Sin embargo, lo tomé como una advertencia. En ese entonces mis juegos de manos eran sólo una afición. Nunca había actuado para nadie, ni siquiera, como Robert Noonan, para entretener a los hombres con quienes trabajaba. Toda mi magia era para práctica, ejecutada en una muda demostración frente al espejo. Pero era una afición absorbente, una pasión, incluso, sí, el comienzo de una obsesión. ¡No podía permitir que ninguna herida la pusiera en peligro!

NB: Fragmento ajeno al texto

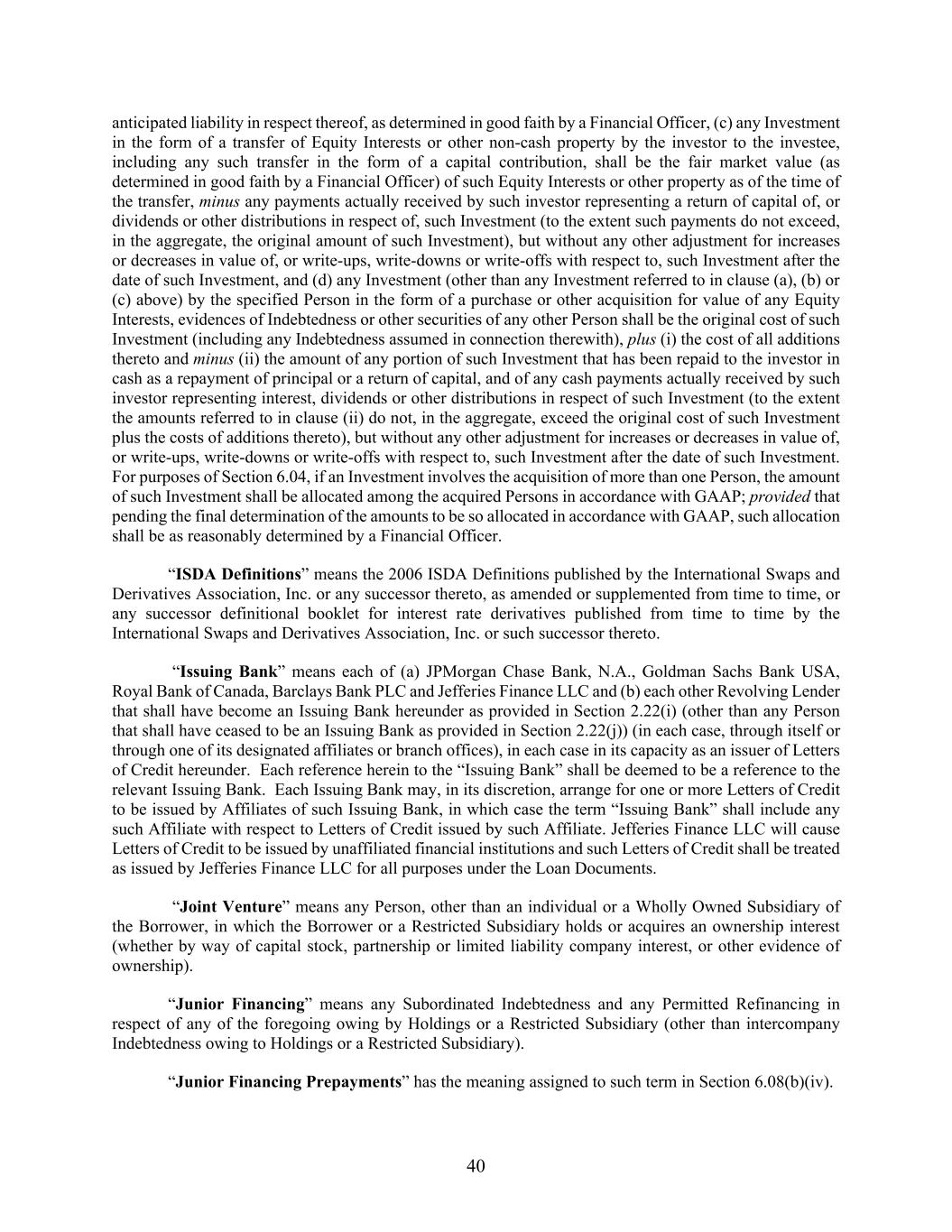 40 anticipated liability in respect thereof, as determined in good faith by a Financial Officer, (c) any Investment in the form of a transfer of Equity Interests or other non-cash property by the investor to the investee, including any such transfer in the form of a capital contribution, shall be the fair market value (as determined in good faith by a Financial Officer) of such Equity Interests or other property as of the time of the transfer, minus any payments actually received by such investor representing a return of capital of, or dividends or other distributions in respect of, such Investment (to the extent such payments do not exceed, in the aggregate, the original amount of such Investment), but without any other adjustment for increases or decreases in value of, or write-ups, write-downs or write-offs with respect to, such Investment after the date of such Investment, and (d) any Investment (other than any Investment referred to in clause (a), (b) or (c) above) by the specified Person in the form of a purchase or other acquisition for value of any Equity Interests, evidences of Indebtedness or other securities of any other Person shall be the original cost of such Investment (including any Indebtedness assumed in connection therewith), plus (i) the cost of all additions thereto and minus (ii) the amount of any portion of such Investment that has been repaid to the investor in cash as a repayment of principal or a return of capital, and of any cash payments actually received by such investor representing interest, dividends or other distributions in respect of such Investment (to the extent the amounts referred to in clause (ii) do not, in the aggregate, exceed the original cost of such Investment plus the costs of additions thereto), but without any other adjustment for increases or decreases in value of, or write-ups, write-downs or write-offs with respect to, such Investment after the date of such Investment. For purposes of Section 6.04, if an Investment involves the acquisition of more than one Person, the amount of such Investment shall be allocated among the acquired Persons in accordance with GAAP; provided that pending the final determination of the amounts to be so allocated in accordance with GAAP, such allocation shall be as reasonably determined by a Financial Officer. “ISDA Definitions” means the 2006 ISDA Definitions published by the International Swaps and Derivatives Association, Inc. or any successor thereto, as amended or supplemented from time to time, or any successor definitional booklet for interest rate derivatives published from time to time by the International Swaps and Derivatives Association, Inc. or such successor thereto. “Issuing Bank” means each of (a) JPMorgan Chase Bank, N.A., Goldman Sachs Bank USA, Royal Bank of Canada, Barclays Bank PLC and Jefferies Finance LLC and (b) each other Revolving Lender that shall have become an Issuing Bank hereunder as provided in Section 2.22(i) (other than any Person that shall have ceased to be an Issuing Bank as provided in Section 2.22(j)) (in each case, through itself or through one of its designated affiliates or branch offices), in each case in its capacity as an issuer of Letters of Credit hereunder. Each reference herein to the “Issuing Bank” shall be deemed to be a reference to the relevant Issuing Bank. Each Issuing Bank may, in its discretion, arrange for one or more Letters of Credit to be issued by Affiliates of such Issuing Bank, in which case the term “Issuing Bank” shall include any such Affiliate with respect to Letters of Credit issued by such Affiliate. Jefferies Finance LLC will cause Letters of Credit to be issued by unaffiliated financial institutions and such Letters of Credit shall be treated as issued by Jefferies Finance LLC for all purposes under the Loan Documents. “Joint Venture” means any Person, other than an individual or a Wholly Owned Subsidiary of the Borrower, in which the Borrower or a Restricted Subsidiary holds or acquires an ownership interest (whether by way of capital stock, partnership or limited liability company interest, or other evidence of ownership). “Junior Financing” means any Subordinated Indebtedness and any Permitted Refinancing in respect of any of the foregoing owing by Holdings or a Restricted Subsidiary (other than intercompany Indebtedness owing to Holdings or a Restricted Subsidiary). “Junior Financing Prepayments” has the meaning assigned to such term in Section 6.08(b)(iv).

Esa mano cortada fue por lo tanto otro momento crucial para mí, porque estableció la prioridad de mi vida. Antes de eso, yo era un aprendiz de carretero con un absorbente pasatiempo, pero después era un joven mago que no permitiría que nada se interpusiera en su camino. Era más importante esconder una carta en la palma de mi mano, o coger con destreza una bola de billar oculta dentro de una bolsa forrada en fieltro, o deslizar secretamente un billete de cinco peniques dentro de una naranja preparada, por más triviales que estas cosas puedan parecer, que el hecho de lastimarme mis manos de nuevo algún día haciendo una rueda para el carro de un patrón.
¡No me dije nada de esto! ¿Qué es? ¿Hasta dónde debe llegar? ¡No debo escribir nada más hasta saberlo! Entonces, ahora que hemos hablado, ¿están de acuerdo en que continúe? Aquí está otra vez, bajo ese acuerdo puedo escribir lo que yo crea conveniente, y puedo ampliarlo cuando yo lo crea conveniente. No planeé nada con lo que no estaría de acuerdo, sólo escribir una buena parte más antes de leerlo. Me disculpo si pienso que me estaba engañando, y fue sin mala intención.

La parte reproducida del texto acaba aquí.